On 10/16/06, *Yanis Batura* <ybatura@mail.ru <mailto:ybatura@mail.ru>> wrote:

    > Checking the Wikipedia article, it looks like it's a European
   period, so
    > {ronmijycedra} might work.

Hmmm... I needed that word for talking about ninjas and samurais... :)

According to Wikipedia's History of Japan article there is a period called the "Japanese Middle Ages". So perhaps {ponmijycedra}.


Rather than copying the metaphor used in other languages, I think the common feature of the "middle ages" of both cultures was feudalism (and indeed, the boundaries of the era tend to be associated with the beginning and end of a feudal nobility (Yanis may have an opinion on this, since in Russia the feudal nobility essentially persisted up until
the 20th century).


So come up with a lujvo for feudalism or feudal nobility [...]

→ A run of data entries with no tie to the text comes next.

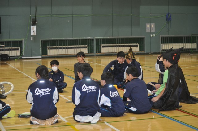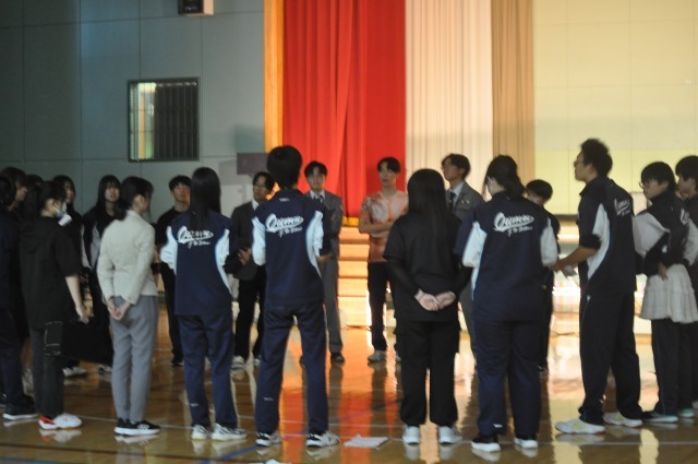 体育館では、各学年が円陣を組みながら合唱、舞台発表の最終仕上げに取り組んでいます。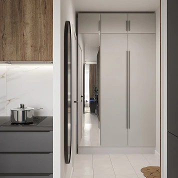 Кухня оформлена в сочетании матовых нижних фасадов черного цвета и верхних фасадов под дерево, создавая стильный контраст и уютную атмосферу. В гостиной предусмотрена тумба под телевизор, выполненная в том же оттенке и текстуре, что и верхние фасады кухни, и дополненная навесными шкафами цвета, совпадающего с нижними фасадами. В прихожей, расположенной за кухней, установлен вместительный шкаф в едином стиле коллекции. Зонирование кухни и гостиной выполнено с помощью острова.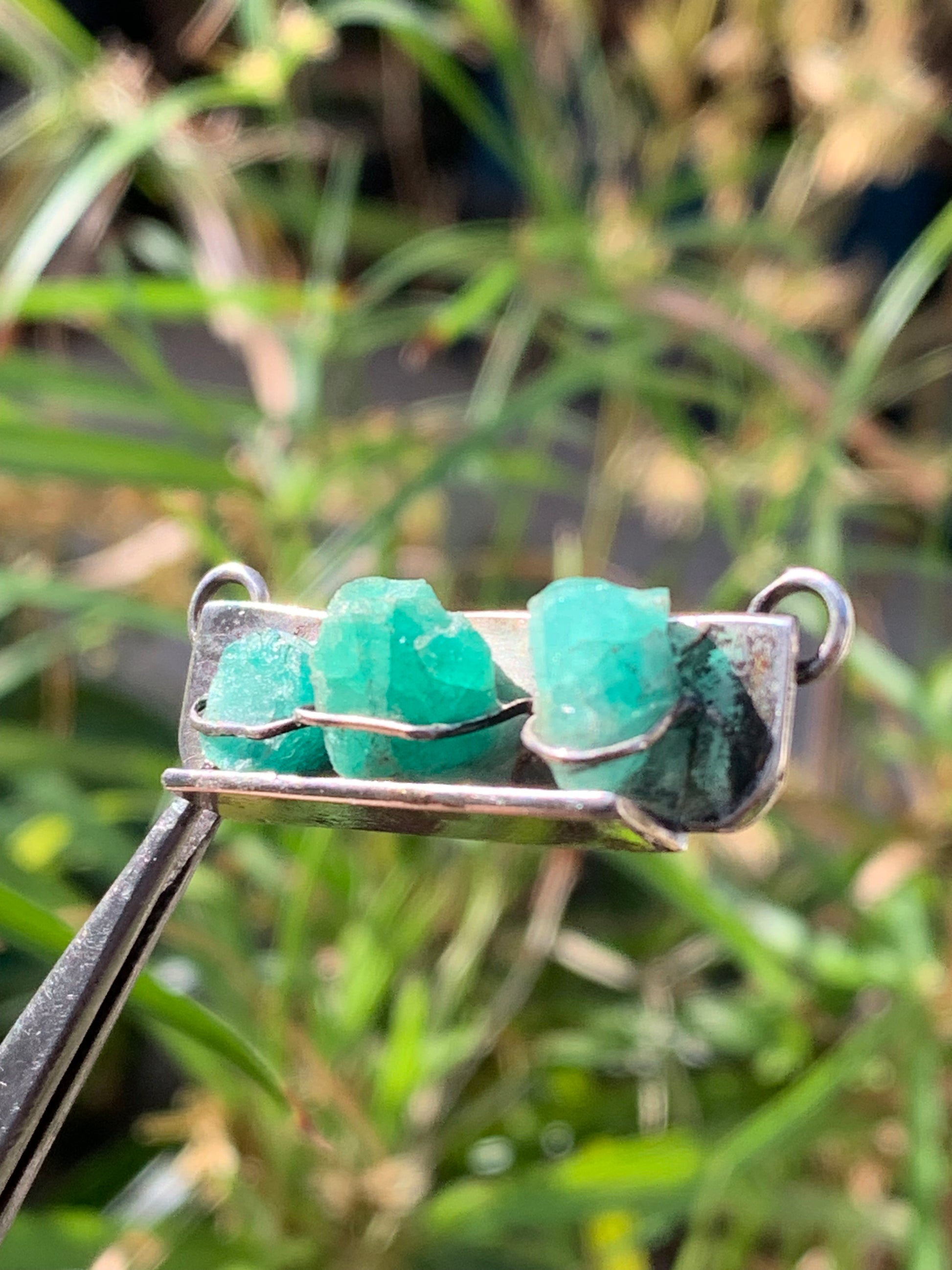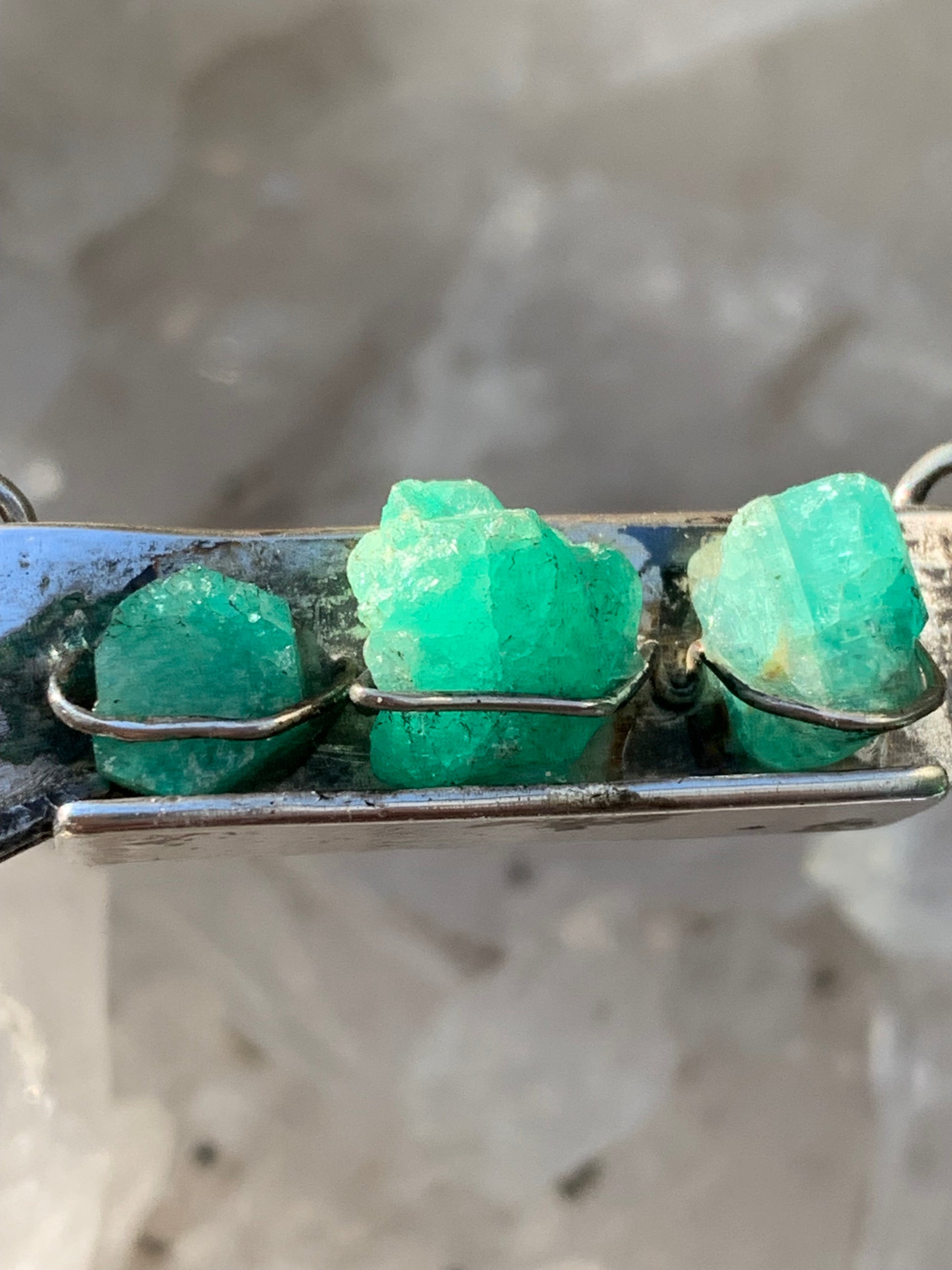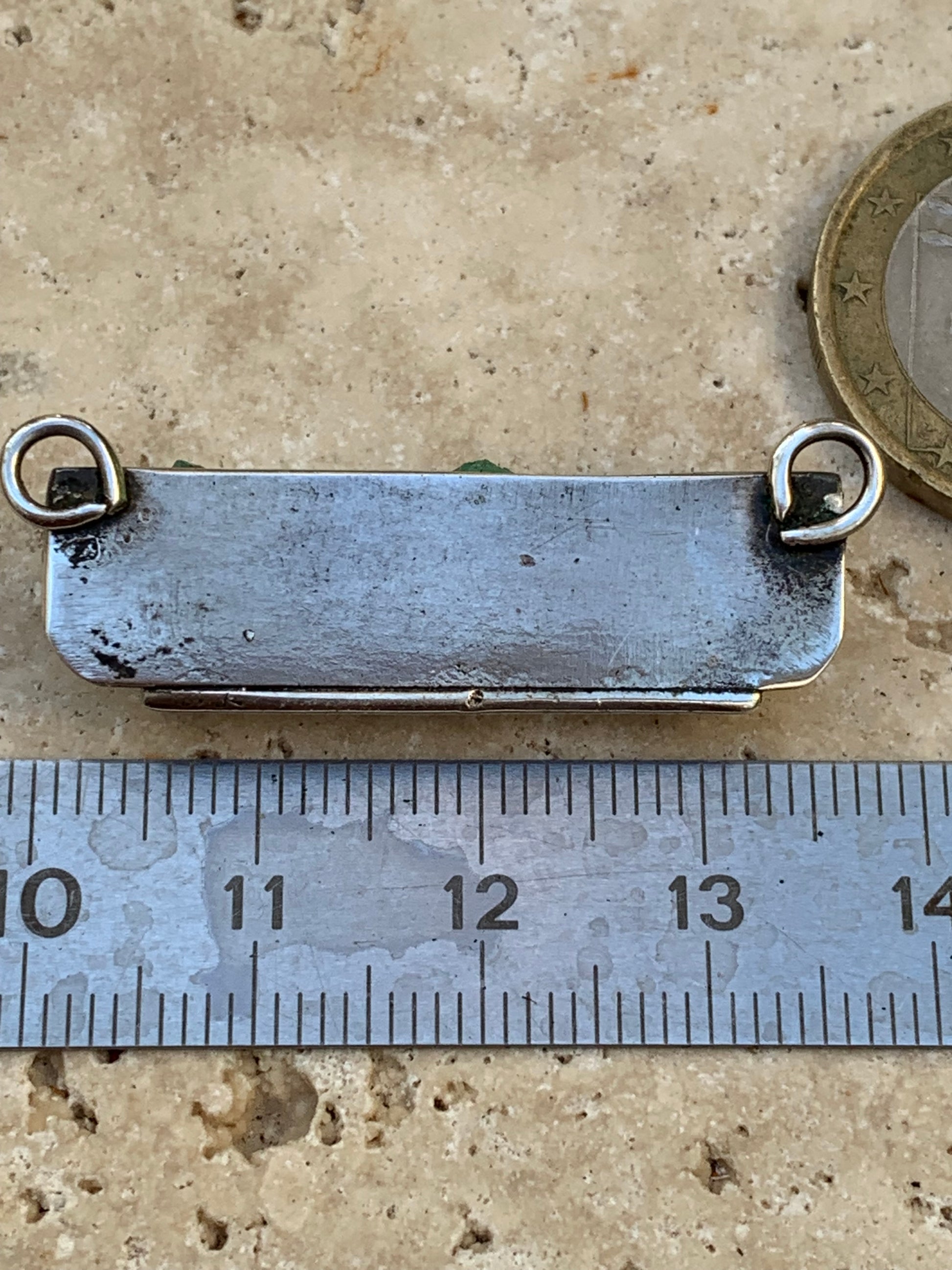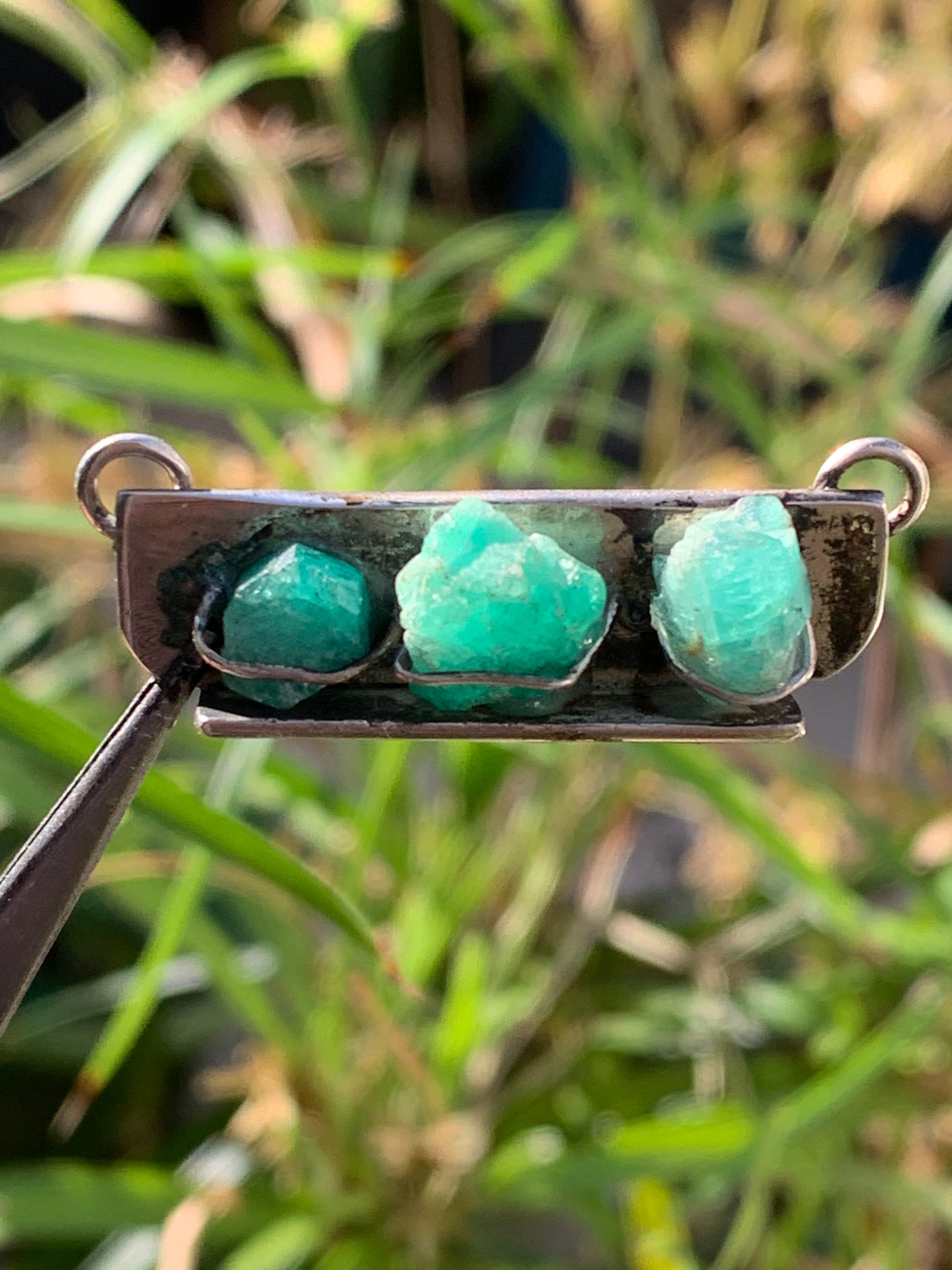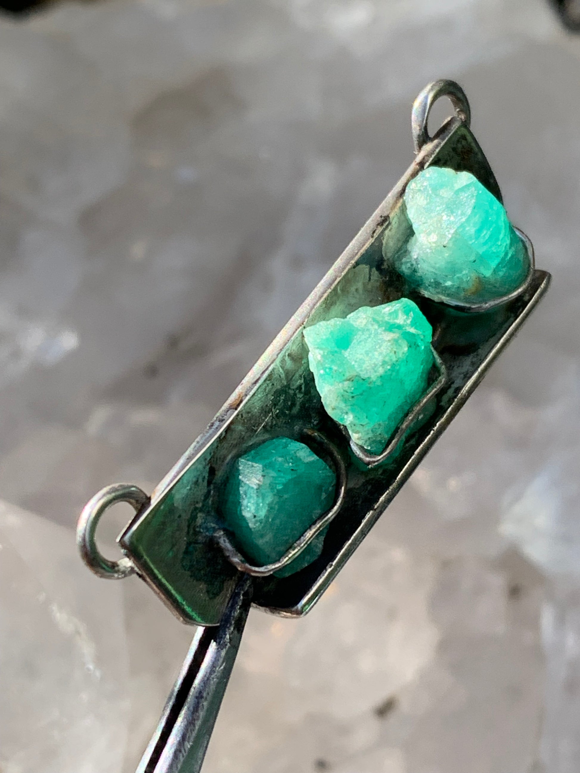 Émeraude, pendentif "double attache" en Argent vieilli de 40mm x12 x10 / 7,1 grammes. Pendentif vendu seul ou sur chaine de 42 cm !
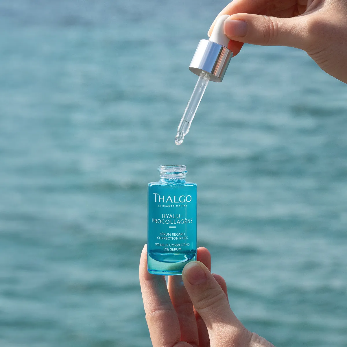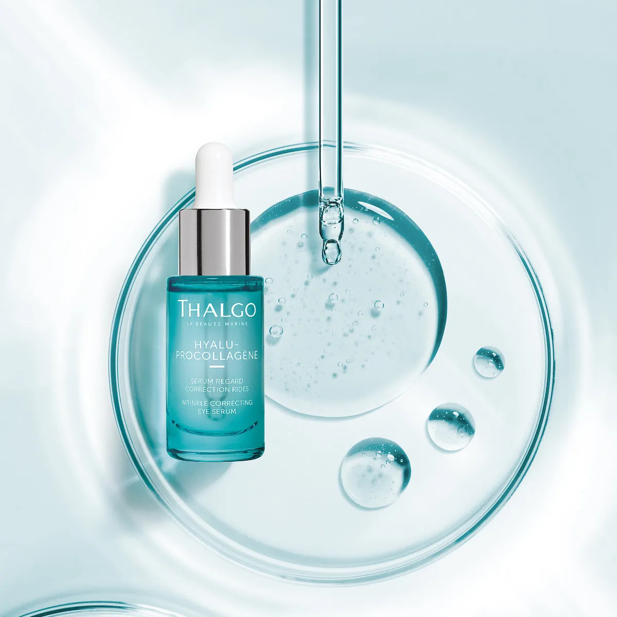 Očné sérum Thalgo Hyalu-Procollagene je inšpirované výskumom morskej biotechnológie a kombinuje morský prokolagén, tri druhy kyseliny hyalurónovej a ferment z morskej baktérie Alteromonas lipotrueae s účinkom podobným botulotoxínu. Sérum uvoľňuje drobné napätie svalov okolo očí, viditeľne redukuje mimické vrásky a zároveň stimuluje syntézu kolagénu I, III a IV pre dlhotrvajúce spevnenie pokožky.

Coining a lujvo for feudalism is *much* more difficult than for Middle
ages. :)

Not really
lacnuptruci'e
tumnoltruci'e

emphasize different aspects of feudalism. You'd want to choose one that describes the society. European feudalism focused on the power nobles acquired from land. The chivalric concept of feudalism was a system of promise and reliance - service in exchange for protection. Another version of feudalism would be based on the existence of serfdom (land-bound servants system?), which would certainly be important to Russian feudalism, but I don't know whether it applies to Oriental feudalism.

The important thing is to think about the concept you want to express and what Lojban words point towards that concept, turning to how it is expressed in other languages only to break down a mental block at coming up with an expression.